But then I got a bit side-tracked ...
First I thought i'd see if i could replace crt0 with my own. Apart from an initialisation issue with bss and data there isn't really anything wrong with the bundled one ... apart from it dragging in a bunch of C support stuff which isn't necessary if writing small kernel code that doesn't need the full libc.
So I took the crt0.s and stripped out a bunch of stuff. The trampoline to a potentially off-core start routine (it's going to be on-core). The atexit init (not necessary). The constructors init (hopefully not necessary). The .bss clearing (it's problematic when you have possibly more than one block of bss such as shared and given that .data isn't re-initialised anyway the C language behaviour is already broken). And the argument setting (three zero's isn't useful for anything and isn't even correct).
I toyed with the idea of passing arguments to kernel but decided to just have a void main instead.
I just pass
-nostartfiles e-crt0minimal.o to the link line to replace the standard start-up code.

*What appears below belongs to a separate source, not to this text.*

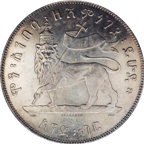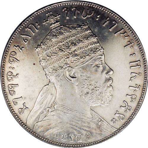 <B>Menelik II Bir 1889EE (1897), </B></I>KM5, Proof, lightly cleaned at one time and now with light golden toning in the legends. The details on this coin are unquestionably superior to business strikes and the surfaces are reflective. This is the first Proof of this date we have recorded, but it not completely unexpected from the Paris Mint.<BR><I>From the Monedas Oro Collection</B></I><BR><BR><b>Shipping:</b> Coin/Currency (<a target="_blank" href="http://www.heritageauctions.com/common/shipping.php">view shipping information</a>)
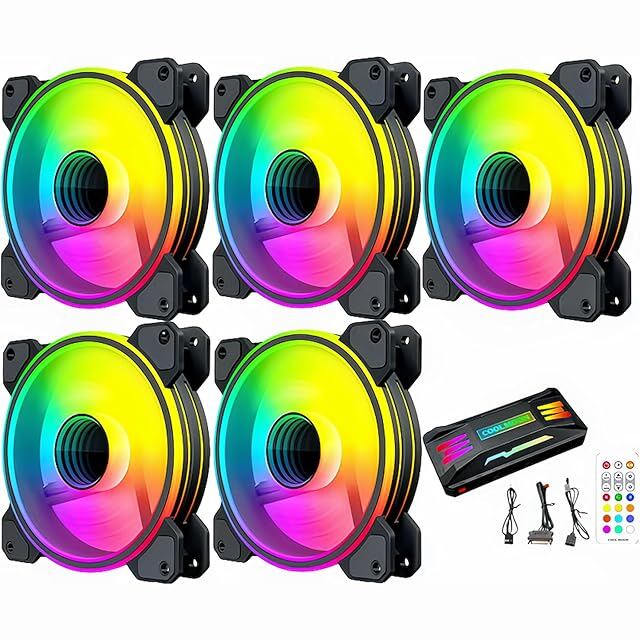 【スモールラボ】COOLMOON PCケースファン5枚セット 120mm 4pin PWM LED ARGB 5v 3pin ファンハブ コントローラー付き リモコン 色変更可能 回転速度変更可能 インフィニティ―ミラー (コントローラー+5枚セット, ブラック)

e-gcc -Wl,-r -o e-test-reloc.elf -nostartfiles e-crt0minimal.o e-test-reloc.o -le-lib
Worth it? Probably ...
Minimal crt0: $ e-size e-test-workgroup-a.elf text data bss dec hex filename 548 64 120 732 2dc e-test-workgroup-a.elf Standard crt0: $ e-size e-test-workgroup-a.elf text data bss dec hex filename 1418 1196 128 2742 ab6 e-test-workgroup-a.elf
When you've only got 32K to play with saving 2K isn't to be sniffed at.
Matching addresses (aka fake hsa)
Next I looked at just using mmap to map the shared memory so pointers can be shared between the epiphany and the host arm directly. I tried to use e_get_platform_info() to get the list of memory blocks but for some odd reason that zeros out the memory array pointer? Odd. So ... I just access the struct directly via an extern instead.
This is just an implementation of stuff from a previous post but using the platform_info to find the addresses.
I have no idea whether this will work on a multi-epiphany setup but since I don't have one it's not something i'll lose sleep over :)
About this point I noticed that some symbols weren't being allocated any location in the output file and thus could not be resolved during the loader-linker execution. These were symbols marked with the section id of COMMON. I had hit this before but I had forgotten all about it. Last time I solved it using a linker script but I found I can just pass '-d' to the linker to achieve the same result which puts any such values into bss.
Automatic remote-core on-chip symbol resolution
Then I had a look into implementing fully automatic resolution of remote but on-chip symbols. The options are limited but the desired target core can be indicated by the symbol name.
program a: extern int buffer; program b: // current cell relative +0, +1 extern int buffer_0_1; // group relative 0,1 extern int buffer$0$1;
Or some variation thereof. This is easy enough to parse and implement, and not too ugly to use.
But it would mean that the binary for every core would need to be linked individually and thus it wouldn't be possible to just copy the same code across to multiple cores when they share the implementation. For this reason I've dropped the idea for now. Having to use e_get_global_address() on a weak symbol isn't too difficult.